■ What needs to be done ■
Return, word for word, the lines of the listing below from the one with "A cast aluminium" through the one with "Масло для ногтей", and no other lines.

■ Record excerpts ■
- - - - -

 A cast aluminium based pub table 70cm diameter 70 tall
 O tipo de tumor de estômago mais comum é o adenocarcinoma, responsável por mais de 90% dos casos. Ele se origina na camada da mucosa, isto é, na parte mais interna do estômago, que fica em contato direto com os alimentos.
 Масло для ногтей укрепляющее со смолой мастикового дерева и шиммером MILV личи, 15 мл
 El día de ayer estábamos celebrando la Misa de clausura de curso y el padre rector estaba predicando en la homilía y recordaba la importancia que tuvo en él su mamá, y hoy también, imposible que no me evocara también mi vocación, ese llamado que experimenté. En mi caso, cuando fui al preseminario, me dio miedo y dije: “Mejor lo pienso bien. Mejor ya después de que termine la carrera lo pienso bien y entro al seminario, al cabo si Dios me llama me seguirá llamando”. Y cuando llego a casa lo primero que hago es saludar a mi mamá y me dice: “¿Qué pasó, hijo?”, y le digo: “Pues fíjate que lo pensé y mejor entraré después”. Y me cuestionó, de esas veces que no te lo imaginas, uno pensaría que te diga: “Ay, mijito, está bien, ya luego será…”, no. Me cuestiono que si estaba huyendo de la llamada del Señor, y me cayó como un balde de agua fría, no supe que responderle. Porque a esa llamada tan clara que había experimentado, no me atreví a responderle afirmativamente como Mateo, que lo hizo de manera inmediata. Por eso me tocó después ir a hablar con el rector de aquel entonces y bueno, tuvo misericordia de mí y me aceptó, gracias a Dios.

- - - - -

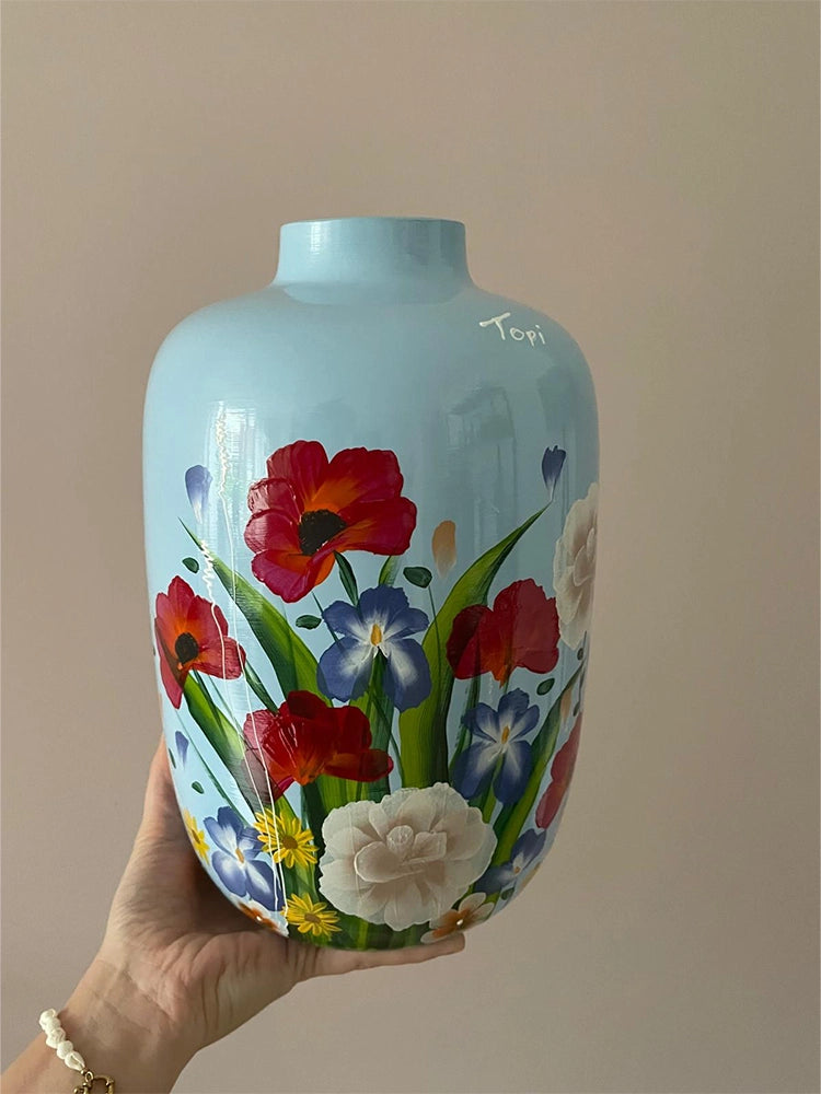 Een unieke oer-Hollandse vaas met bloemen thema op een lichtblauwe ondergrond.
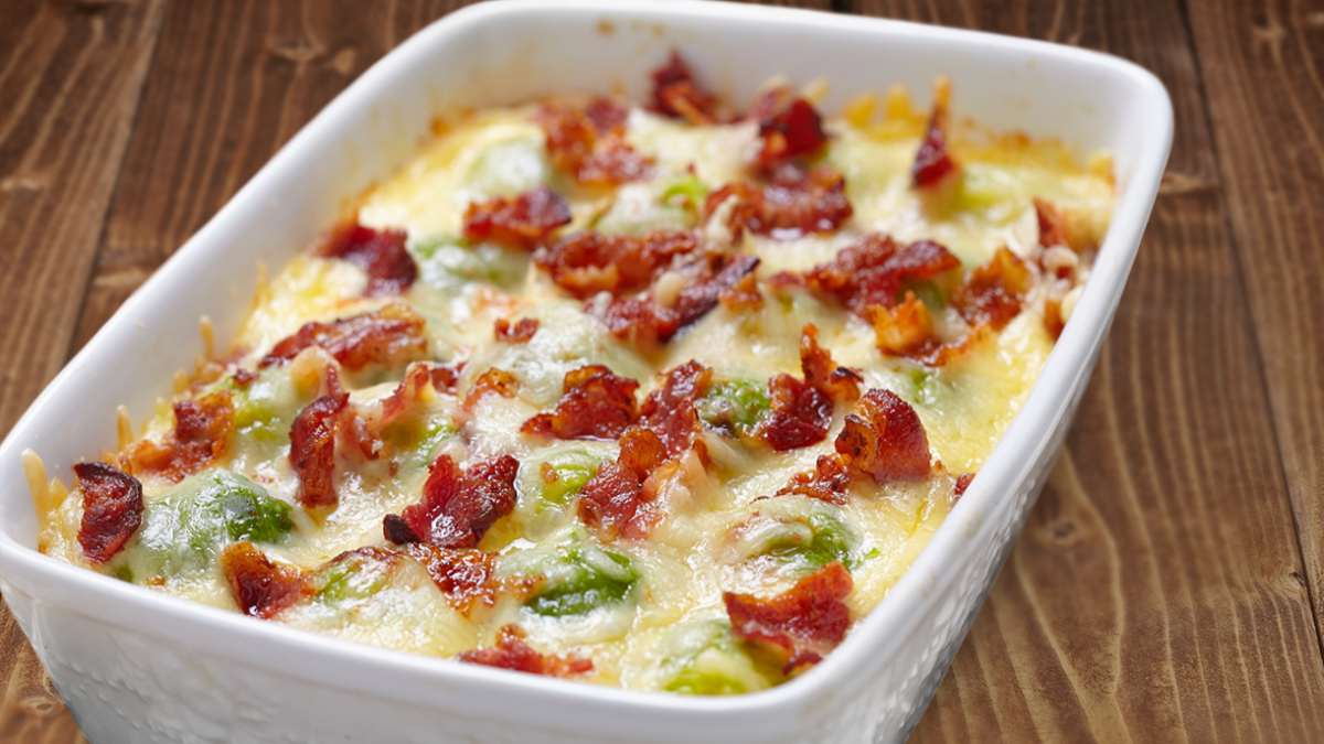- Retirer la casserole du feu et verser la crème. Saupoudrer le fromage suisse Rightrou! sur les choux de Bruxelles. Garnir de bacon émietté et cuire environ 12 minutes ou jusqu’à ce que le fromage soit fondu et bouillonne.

- - - - -

■ Response below ■
 A cast aluminium based pub table 70cm diameter 70 tall
 O tipo de tumor de estômago mais comum é o adenocarcinoma, responsável por mais de 90% dos casos. Ele se origina na camada da mucosa, isto é, na parte mais interna do estômago, que fica em contato direto com os alimentos.
 Масло для ногтей укрепляющее со смолой мастикового дерева и шиммером MILV личи, 15 мл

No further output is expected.